小生が初めてハーバード大学を知ったのは中学生の頃だったと思うが、映画「LOVE STORY」であった。ライアンオニールとアリマッグローのせつないラブストーリー。
シーンは大学構内であったり近くのハーバードスクエアーだったりした。アリマッグローは隣接しているラドクリフ女子大学(1999年にハーバードと合併して現在はラドクリフ高等研究所)の学生で、ライアンオニールはハーバード大学のアイスホッケー部のキャプテン。
アイビーファンなら気絶しそうなほどかっこよくて、一度はハーバード大学を見てみたいと思うはずである。
ハーバード大学はアメリカの誇りであり、ここで学んだことがステータスでもある。歴代の大統領達もそうであった様に、ツイードのジャケットにボタンダウンのシャツ、レジメンタルのタイ、グレーのパンツにBassのローファー、なんて姿の教授から授業を受けたのであろう。

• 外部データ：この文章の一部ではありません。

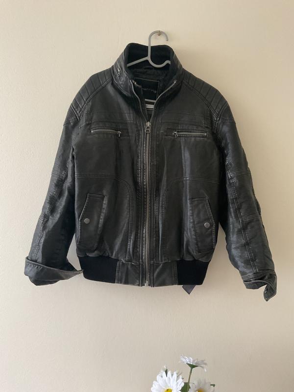 Куртка із шкірзамінника на 46-48 розмір. Дивіться по замірах: в плечах 52 см, між пахвами 60, довжина 60. Зверху екошкіра ( поліуретан), підкладка з віскози. Гарний стан, блискавки без дефектів. Внизу на резинці, яка тягнеться. Пропонуйте свою ціну.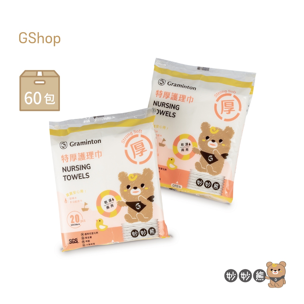 妙妙熊【特厚護理巾】(20張/包,60包/箱) 鉅瑋 拋棄式 一次性紗布巾 兩用巾 乾濕兩用巾 洗澡巾 擦澡巾60包/箱WipesGShop|鉅瑋官方直營店

HARVARDのロゴが入ったスウェットなどを着た学生たちは、政治や宗教やイデオロギーを階段の下で論じ合い、時には友や彼氏彼女が愛を語るのである。
「 I 」Indian Motorcycle
Hの代表はHARAVARDであったが、HはHarley-Davidsonもある。しかしながらIから始まるIndian Motorcycleはさらに歴史が古いのである。
ここにかかわる映画も面白いのだが、その前におそらくバイク好きでなければ全く興味がないような歴史等を最初に紹介するので、少しだけ我慢してお付き合い願いたい。
ついインディアンモターターズと言ってしまうが正しくは「Indian Motocycle Manufacturring Company」である。
ジョージMヘンディーは自転車レーサーで、ダートハーフマイルトラックで世界新記録を樹立している。彼が参加した309レースのうち302レースで優勝しているのだ。
1892年、ヘンディーは自転車レースを引退し、1895年にシルバーキング自転車の製造を開始した。
1896年、ヘンディー&ネルソンマニュファクチャリングカンパニーを設立して、安全自転車を製造。
1898年、資本金5,000ドルのヘンディーマニュファクチャリングカンパニーを設立。
1901年、最初の工場を設立し、原動機付き自転車を3台製造、翌年に143台のバイクを製造。
1907年、V型2気筒エンジンの製造を始め、1911年に「マン島ツーリストトロフィー」で1 ~3位を独占した。
1923年、「インディアンモーターサイクルマニュファクチャリングカンパニー」に社名を変更した。
ところで「マン島ツーリストトロフィー」って何?
正確にはマン島TTレース、つまりマン島ツーリストトロフィーレースが正しい名称だよ。
1907年からイギリス王室属国(Ire of Man)で開催されているバイクの競技のこと。公道を閉鎖して行なわれる競技で、2020年現在で240人以上の参加者が死亡しており、世界で最も危険な競技とも言われている。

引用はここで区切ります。